Effect of leucine on ALS
Amyotroph Lateral Scler Frontotemporal Degener. 2014 Sep;15(5-6):371-5. doi: 10.3109/21678421.2014.920032. Epub 2014 Jun 6. Plasma amino acids patterns and age of onset of amyotrophic lateral sclerosis. Cecchi M1, Messina P, Airoldi L, Pupillo E, Bandettini di Poggio M, Calvo A, Filosto M, Lunetta C, Mandrioli J, Pisa F, Pastorelli R, Beghi E; EURALS Consortium.
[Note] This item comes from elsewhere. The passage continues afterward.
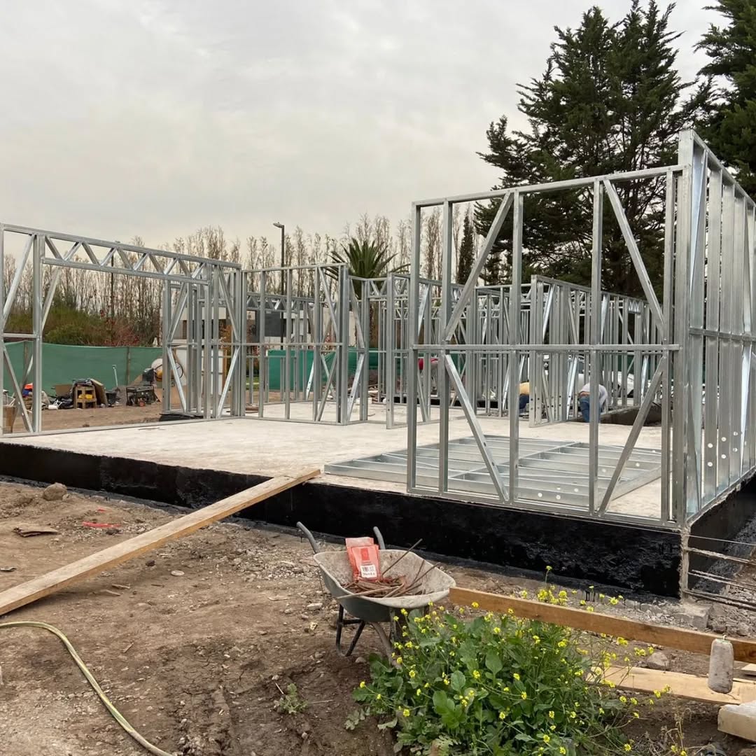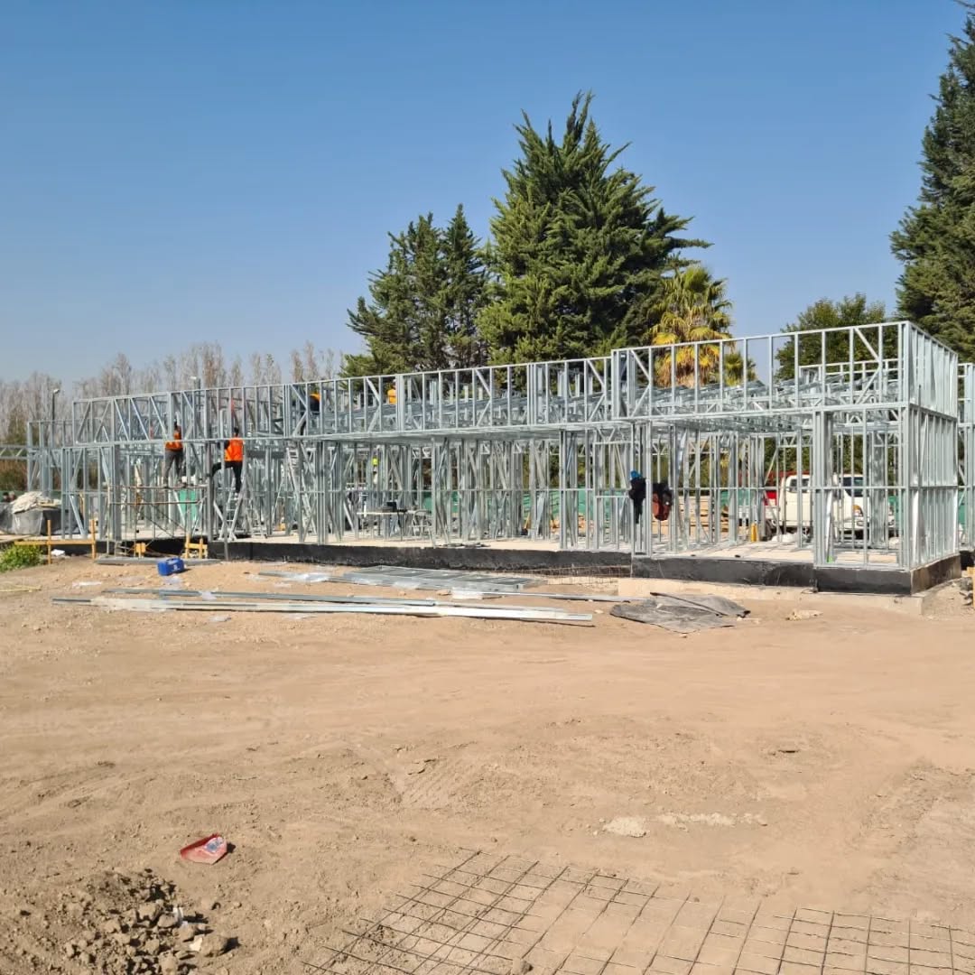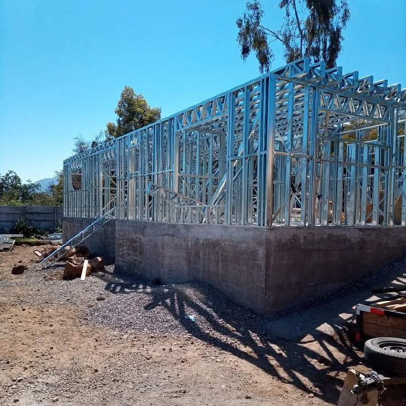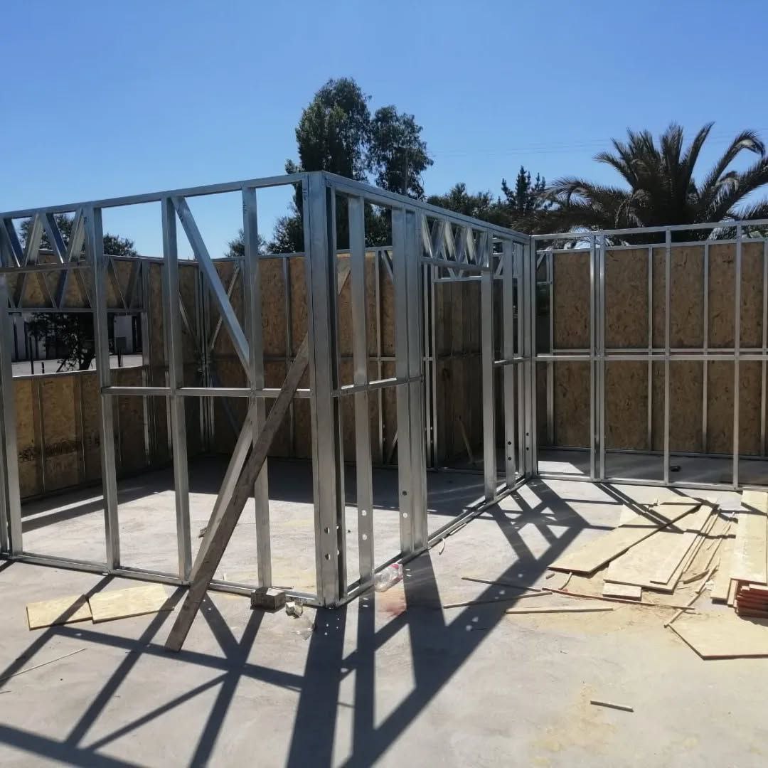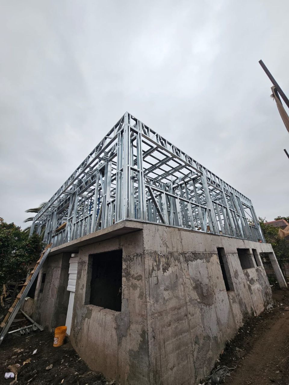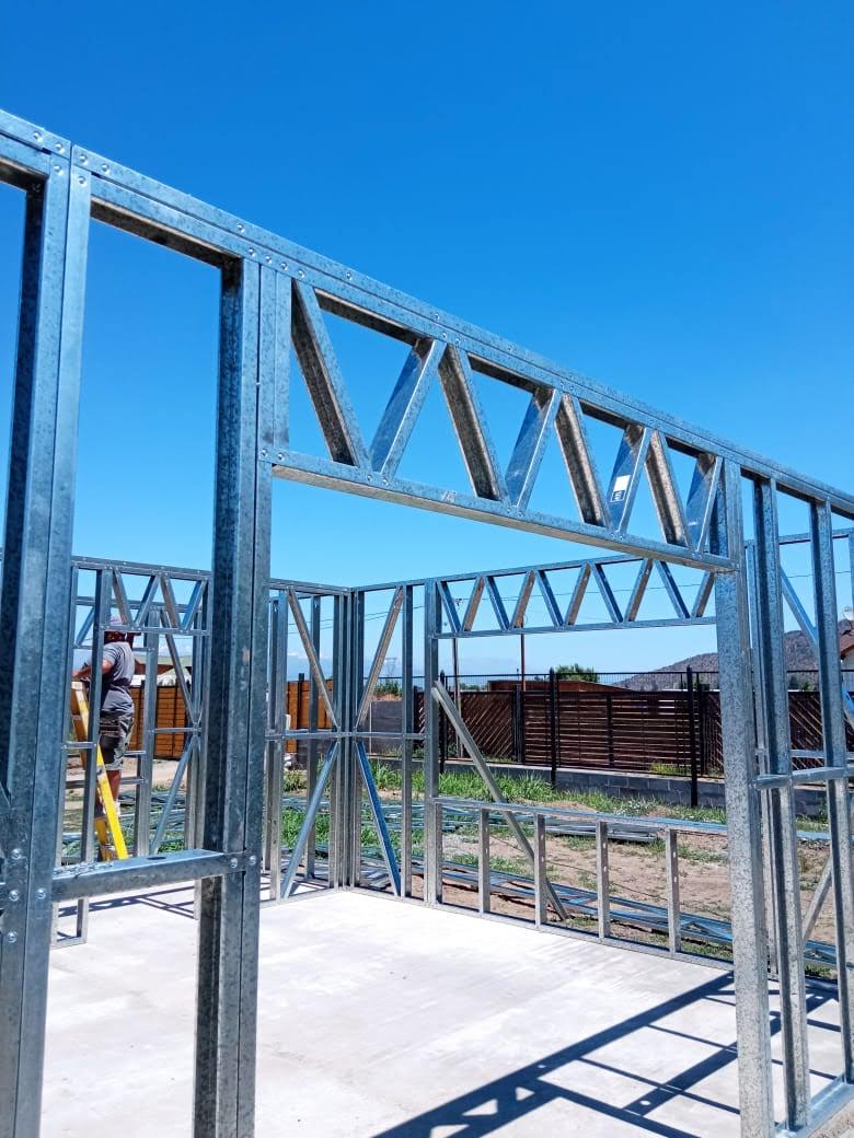 Está construida con perfiles de acero galvanizado tipo Steel Frame, una solución moderna, liviana y duradera, ideal para todo tipo de clima. La estructura ya se encuentra anclada sobre radier y cuenta con división de espacios claramente definidos, listos para recibir cerramientos y terminaciones. Este sistema permite una ejecución limpia, rápida y altamente precisa.

The aim of this study was to verify whether abnormalities in plasma amino acid (AA) levels could be biological correlates of the age of onset in amyotrophic lateral sclerosis (ALS). We undertook plasma AA profiling in a large population comprising 117 newly diagnosed ALS patients and 117 matched controls. ALS patients were stratified in early (58 patients aged < 55 years) versus late onset (59 patients aged > 74 years). We applied a rapid and reproducible method for the analysis of AA using amine reactive isotope coded tags in conjunction with liquid chromatography coupled to Multiple Reaction Monitoring-Mass Spectrometry. Results showed that values of only three AA were significantly different in ALS patients and controls. We found lower levels of leucine and higher levels of glutamate and leucine in early-onset ALS compared to their matched controls. In conclusion, different AA patterns related to the ALS age of onset were found, providing insight into possibly aberrant biochemical pathways that might unlock key pathological pathways.